Work required
The records that follow should be returned exactly, pictures excluded.

Exercise material
######

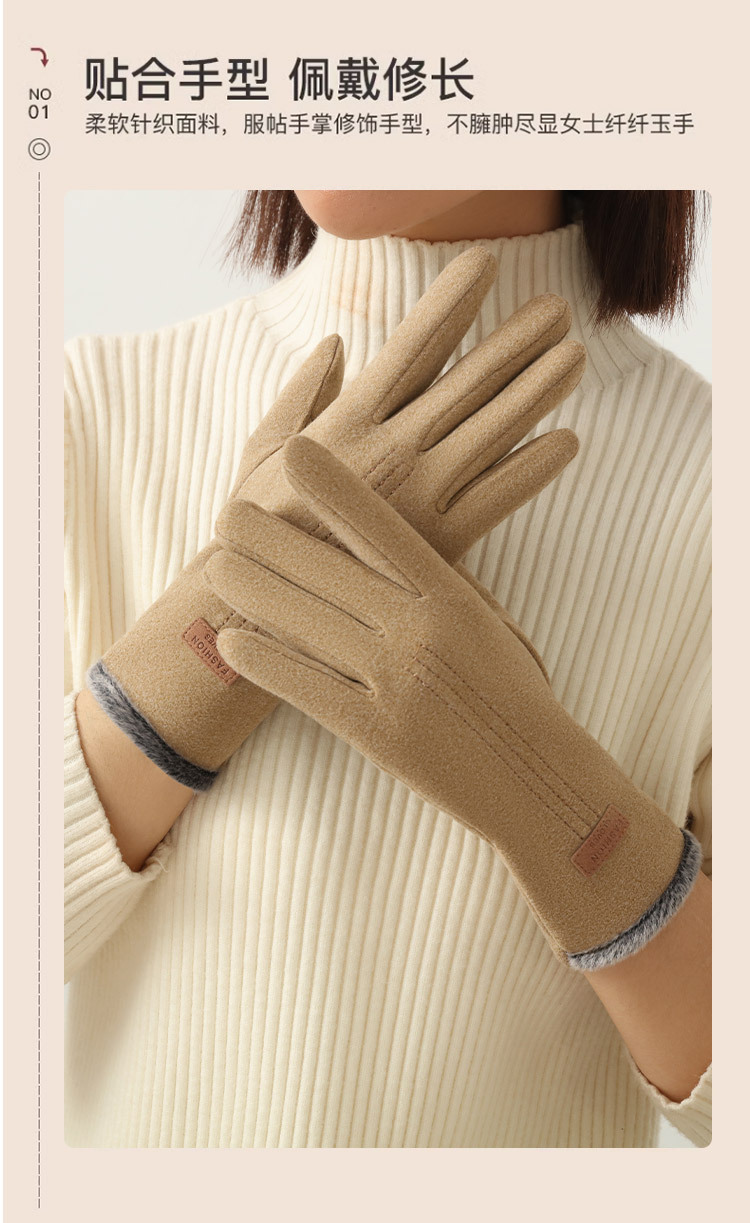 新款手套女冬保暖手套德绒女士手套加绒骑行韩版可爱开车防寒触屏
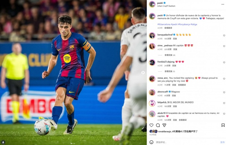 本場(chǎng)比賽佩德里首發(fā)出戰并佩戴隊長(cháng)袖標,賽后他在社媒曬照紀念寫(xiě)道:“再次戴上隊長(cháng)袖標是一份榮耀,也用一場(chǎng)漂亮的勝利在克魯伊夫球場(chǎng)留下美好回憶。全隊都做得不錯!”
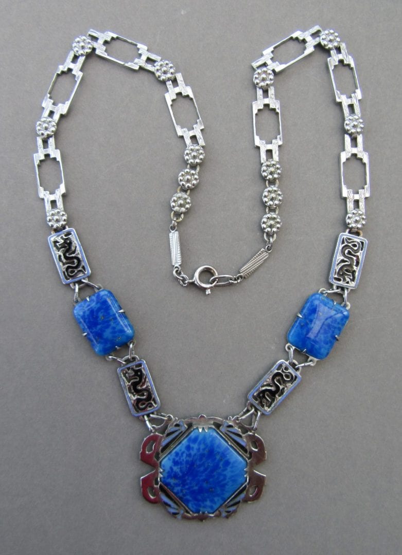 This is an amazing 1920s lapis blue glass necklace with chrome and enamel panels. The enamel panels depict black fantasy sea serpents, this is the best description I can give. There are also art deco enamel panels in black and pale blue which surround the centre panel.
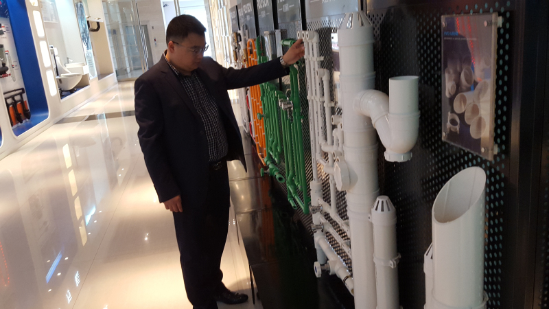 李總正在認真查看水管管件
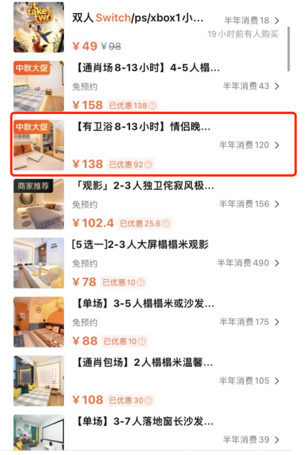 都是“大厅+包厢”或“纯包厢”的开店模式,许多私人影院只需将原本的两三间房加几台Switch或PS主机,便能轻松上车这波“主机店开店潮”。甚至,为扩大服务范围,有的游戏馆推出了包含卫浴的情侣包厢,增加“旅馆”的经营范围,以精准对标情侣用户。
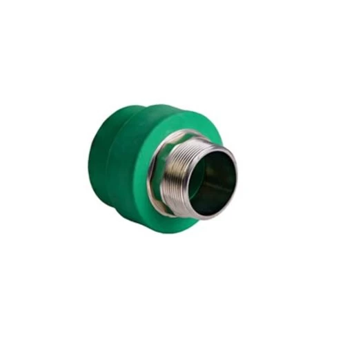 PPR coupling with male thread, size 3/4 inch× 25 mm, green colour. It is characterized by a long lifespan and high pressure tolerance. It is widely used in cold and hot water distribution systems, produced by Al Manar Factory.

######

Response area
 新款手套女冬保暖手套德绒女士手套加绒骑行韩版可爱开车防寒触屏
 本場(chǎng)比賽佩德里首發(fā)出戰并佩戴隊長(cháng)袖標,賽后他在社媒曬照紀念寫(xiě)道:“再次戴上隊長(cháng)袖標是一份榮耀,也用一場(chǎng)漂亮的勝利在克魯伊夫球場(chǎng)留下美好回憶。全隊都做得不錯!”
 This is an amazing 1920s lapis blue glass necklace with chrome and enamel panels. The enamel panels depict black fantasy sea serpents, this is the best description I can give. There are also art deco enamel panels in black and pale blue which surround the centre panel.
 李總正在認真查看水管管件
 都是“大厅+包厢”或“纯包厢”的开店模式,许多私人影院只需将原本的两三间房加几台Switch或PS主机,便能轻松上车这波“主机店开店潮”。甚至,为扩大服务范围,有的游戏馆推出了包含卫浴的情侣包厢,增加“旅馆”的经营范围,以精准对标情侣用户。
 PPR coupling with male thread, size 3/4 inch× 25 mm, green colour. It is characterized by a long lifespan and high pressure tolerance. It is widely used in cold and hot water distribution systems, produced by Al Manar Factory.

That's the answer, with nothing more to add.